Fast forward again to early 2008. After years of research and much soul-searching, I decided it was finally time to dig in and follow my dream. That September, with most of our worldly belongings in a big U-Haul, we boarded a ferry and sailed into the next chapter of our lives.
Now, after two full years in our little cabin, a major renovation, lots of mentoring, the launch of my blog, learning a LOT about what not to do, being driven crazy by squirrels, finally quitting my day job, and meeting some truly amazing, inspiring people, I’m ready to take it to the next level.
And that level is connecting with you!
I’ve got huge plans – self-sufficiency projects we’ll be getting in the ground this year, video how-to’s, interviews with experts, and so much more. All these skills I’ve been learning will be unfolding on these pages in the coming months.
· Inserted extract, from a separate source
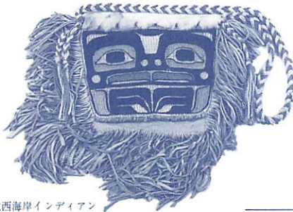
バッグ/北西海岸インディアン

I can’t wait to share them with all of you… and I’d love to hear your ideas and feedback as we go. I’m looking forward to getting to know you and to hearing about your experiences.
My goal is to take the journey from city to country, and make it simple, accessible – and stylish! I’ve still got so much to learn – I hope you’ll visit regularly and learn right along with me.
When I began this ‘modern homesteading’ journey, one of the things I put on my goals list was to write for Mother Earth News in some capacity.
And here we are.
I’m honoured, thrilled, and pinching myself!
This is one idea whose time has come – and I’m finally ‘right on time’.